What about touch? 'Lamb's lugs' (
Stachys) of course, and
Nasella teniussima (which was
Stipa tenuissima until about five minutes ago; no doubt it'll be called something else by the time you read this); I've both of these in the garden and I don't think anyone can walk by either of them without touching them. Well alright, I can't. And this week in the wider world, a walk on nearby Ticknock brought us the feathery fluffy delights of bog cotton - both types:
Eriophorum vaginatum and E. angustifolium. I don't remember seeing bog cotton as bountiful as it is this year: the brown upland heath was silvered in the sunlight with drifts and drifts of it. Another walker we met agreed - she'd never seen it looking so good. The same is true for so many plants this year: over on the
Guardian Gardens FB group, gardeners have been marvelling at the lushness of growth in all our gardens. And in the wild, it's not only the bog cotton that's doing so well,
buttercups are so astonishing in their vigour and numbers that they've making it onto radio and into print (on national radio and our paper of record -- you have to love that).

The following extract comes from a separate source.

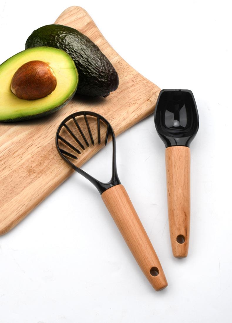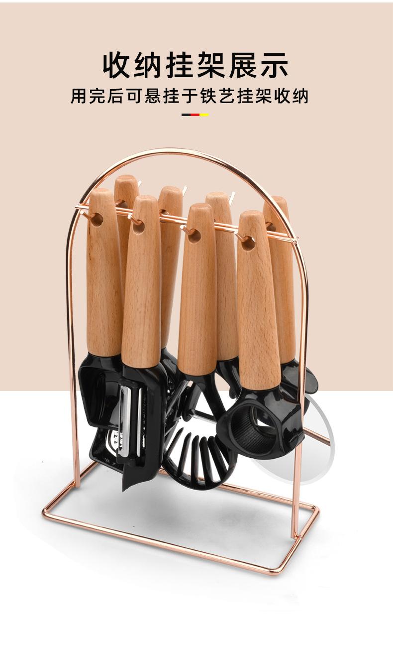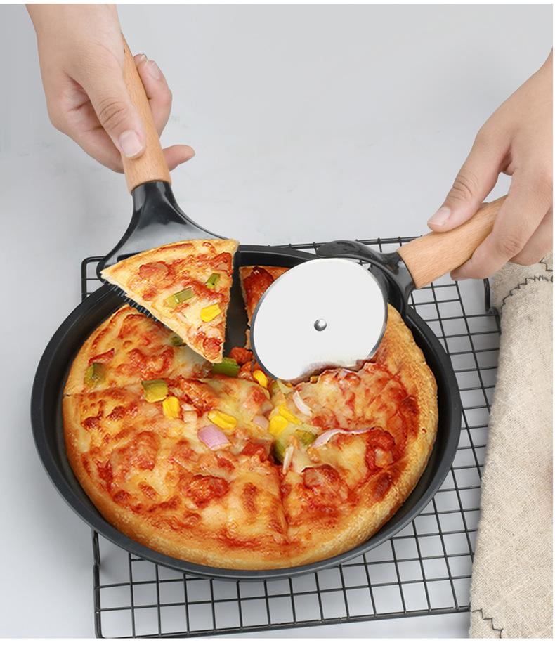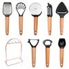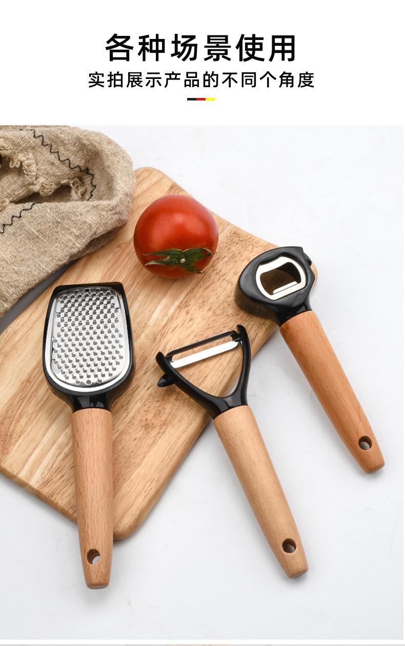 Utensilio de cocina con mango de madera pequeño utensilio de cocina juego de 9 piezas pala para queso rodillo para pizza cuchillo rallador utensilio para hornear
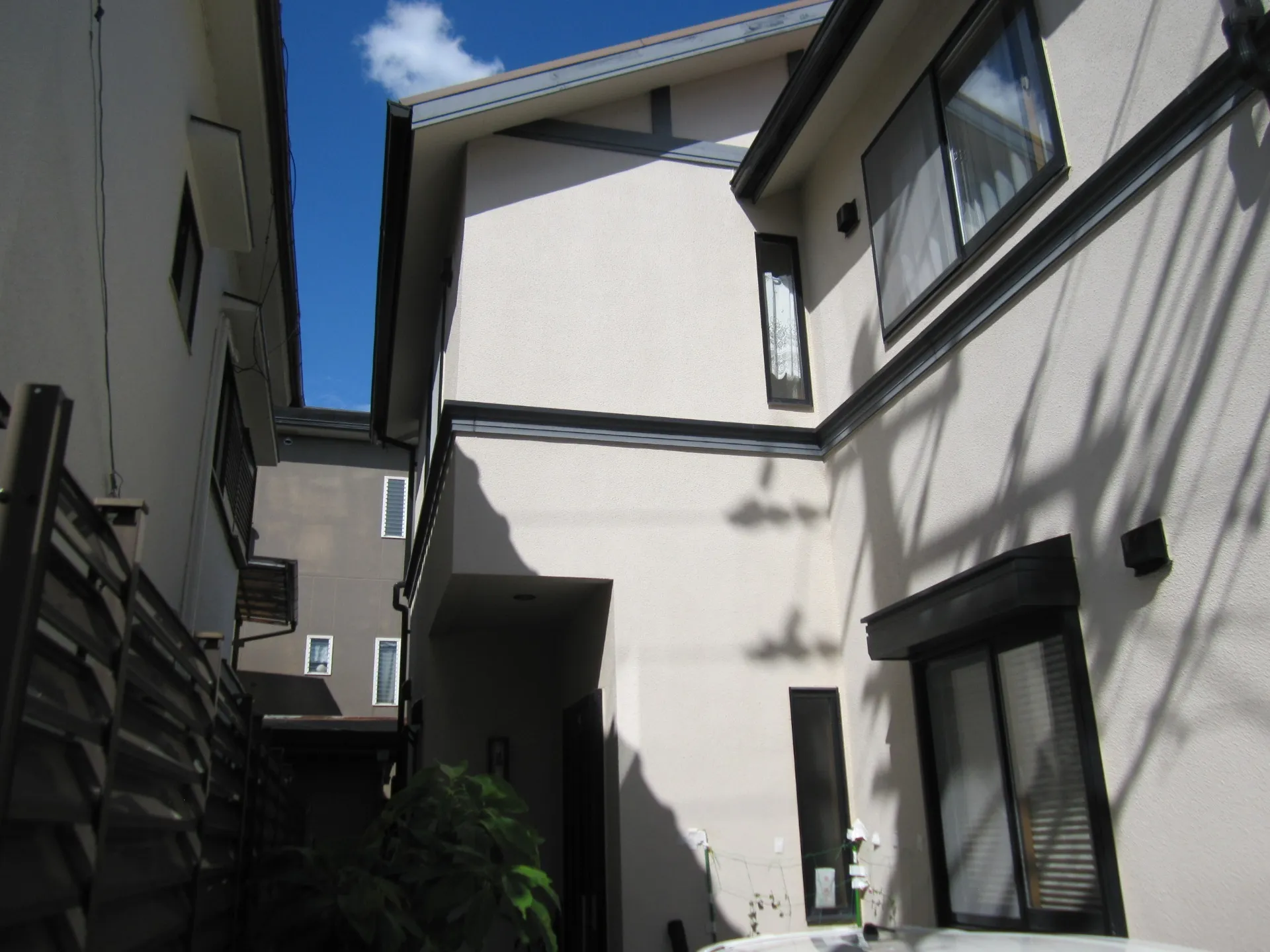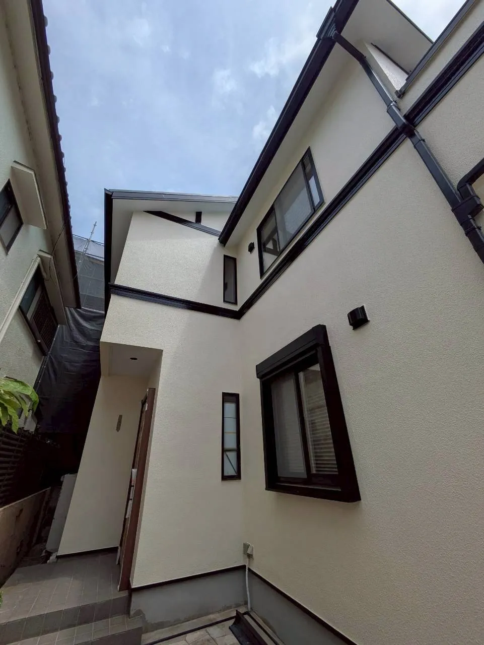 白系統の外壁色と付帯部分の黒色の2色の組み合わせが、凄くシンプルながらかっこいい仕上がりとなりました。

No, I didn't miss Summer Solstice... duly noted and toasted! And for those who have a clear sky tonight - it's
a full moon at its perigee: a super moon, no less, the nearest and brightest that we can see it. Have a look!
|
A tiny Dianthus brings a scent of cloves to the morning |
|
Breakfast-time ... |
|
Elderflower on a river bank |
|
Soon-to-be elderflower cordial |
|
When austerity gets to be too much, head for the hills |
|
Eriophorum, Bog cotton (Ceannbhán) silvers the heath |
|
Eriophorum angustifolium on Ticknock |
|
A first sketch of Eriophorum vaginatum, hard to get the fluffiness of the seed head! |
Have a good week all.
Erica, this is wonderful and funny thing - just as I was reading about the 'nature table' I smiled because just an hour ago a friend who teaches in an ASD unit in her primary school left with a little gift from me for her children's nature table, guess what, yes - bog cotton collected on my afternoon walk - all soft and fluffy and wispy and gorgeous!! Fab blog Erica, thank you!
ReplyDelete24-06-13
ReplyDeleteDid you try deliberately pencil 'smudging' (usually something to try avoiding) in order to represent the bog cotton's fluffiness? S
Mary, what a lovely coincidence! Great to hear Nature Tables are still on the go, and how nice of you to gather something for your friend's one.
ReplyDeleteS, thanks for the suggestion, I shall try it out ... I think I also need to go more gently with the pencil on the page. It was only a 0.35 but still it looks a bit heavy handed for the fluffy bits.